Le boycott économique des entreprises et des enterprises et des produits israéliens est-il légal en France ?

Ivar Ekeland | AURDIP | 8 Octobre 2012 La situation actuelle est loin d’être éclaircie, mais n’est pas nécessairement défavorable au mouvement BDS. Il se heurte à une volonté répressive….

Ivar Ekeland | AURDIP | 8 Octobre 2012

La situation actuelle est loin d’être éclaircie, mais n’est pas nécessairement défavorable au mouvement BDS. Il se heurte à une volonté répressive du Ministère de la Justice, qui a donné instruction aux procureurs de poursuivre les actes de boycott des produits israéliens. Ces instructions, émanant du gouvernement précédent, ont été renouvelées par le gouvernement actuel dès le mois de mai 2012, ce qui montre que la volonté politique de réprimer le boycott transcende les partis, quitte à faire dire aux textes ce qu’ils ne disent pas. Heureusement, les juges du siège n’ont, dans la plupart des cas, pas suivi le gouvernement dans son interprétation tendancieuse.

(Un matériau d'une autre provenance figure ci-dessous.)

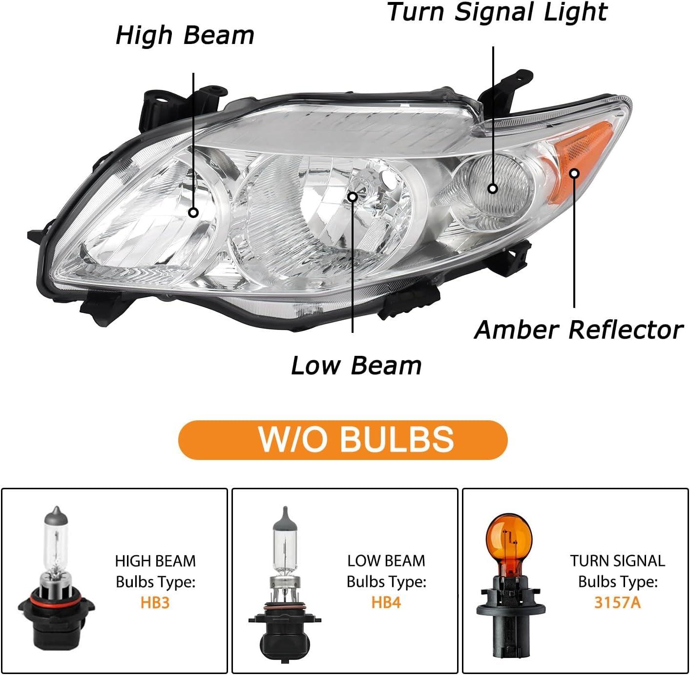 [LIGHTING FEATURES] The reflective halogen lamps of Toyota Corolla gather light through reflectors, the light is even and the brightness is easy to adjust and control. The penetration effect is excellent in heavy rain, fog or when visibility is poor, and the excellent penetration ability of the Toyota Corolla headlamps assembly can provide safety for drivers. NOt:HB3 bulbs : Low Beam 9006 / High Beam 9005 / Turn Signal 3457A (Bulbs are NOT included).
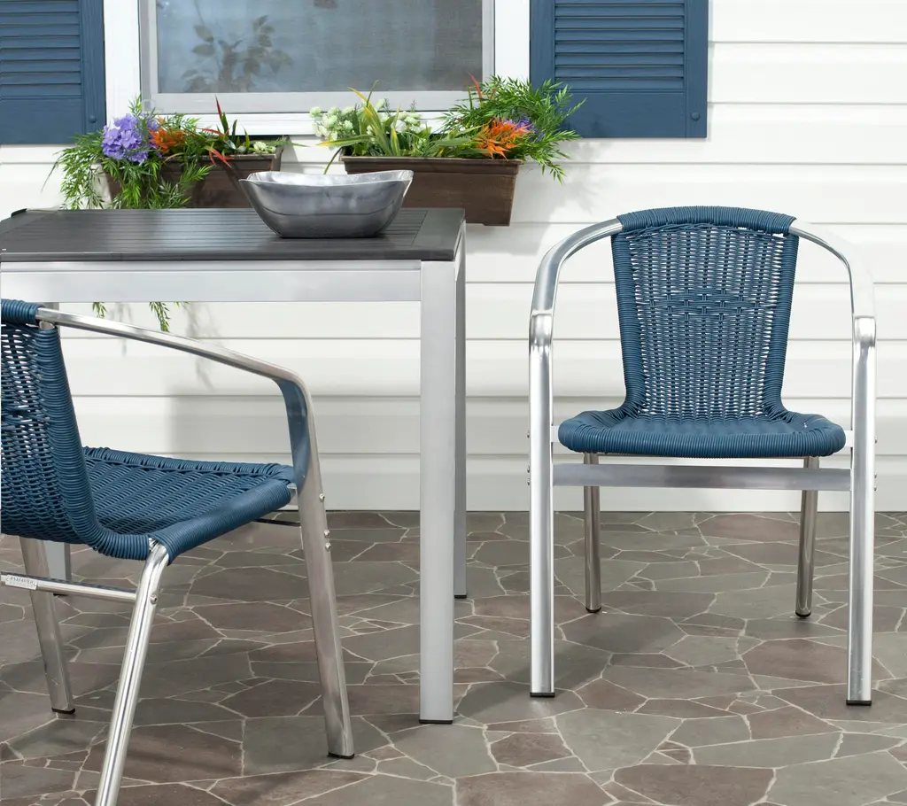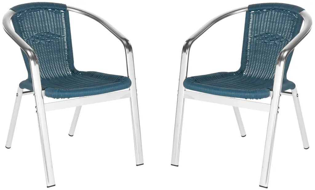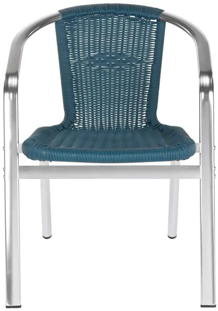 A modern iteration of the fan back chair, the dark teal indoor-outdoor stacking armchair by is designed for parties in chic contemporary homes. Guests will love this comfortable chair, crafted of PE wicker and aluminum for enduring beauty, weather-resistance and easy care.is sold in sets of two. Store outdoor furniture indoors or cover well when not in use. Remove wooden furniture from standing water. Dust regularly with small brush or vacuum. Spills should be taken care of immediately before they harden or stain with a slightly dampened sponge.

Le Ministère de la Justice propose de combiner l’article 24 alinéa 8 de la loi de 1881 avec l’article 225-2 du code pénal pour établir la condamnation de ceux qui appellent au boycott. Cette combinaison est très critiquable. D’une part, l’article 225-2 du code pénal qui interdit l’entrave à l’exercice d’une activité économique a été adopté en 1977 pour éviter que les entreprises françaises ne soient obligées de boycotter les entreprises israéliennes lorsqu’elles commercent avec des entreprises d’Etats membres de la Ligue arabe. D’autre part l’article 24 alinéa 8 de la loi de 1881 sur la presse a été adopté en 1972 interdit les appels à la discrimination contre des individus fondée notamment sur différents critères (notamment la nation), limitant ainsi la liberté d’expression dans une logique de lutte contre les discriminations et le racisme. Le premier texte condamne le fait d’entraver une activité économique, le deuxième texte condamne l’appel à la discrimination, et le gouvernement demande aux procureurs de combiner les deux pour condamner l’appel au boycott. Une telle combinaison, qui n’était manifestement pas dans les intentions du législateur, n’est pas possible en droit pénal.

Pour éclairer cette discussion, nous vous proposons quatre documents, qui sont des commentaires d’arrêts récents:

– un arrêt de la Cour d’Appel de Bordeaux, en date du 22 Octobre 2010, confirmant la condamnation en première instance d’une militante BDS.

– un jugement du Tribunal de Grande Instance de Mulhouse, page 1 et page 2, en date du 15 Décembre 2011, relaxant les prévenus du chef d’un appel citoyen au boycott

– un jugement du Tribunal de Grande Instance de Paris, en date du 8 Juillet 2011, relaxant la prévenue du chef d’un appel au boycott

– un arrêt de la Cour d’Appel de Paris en date du 24 Mai 2012 confirmant l’arrêt précédent (mais condamnant la prévenue d’un autre chef)

Pour être complet, voici un arrêt de la Cour de Cassation, confirmant l’arrêt de la Cour d’Appel de Bordeaux. On voit que sur ce terrain aussi, il faut se battre pour imposer le droit. En fin de compte, ce qui est visé, c’est la liberté d’expression des citoyens.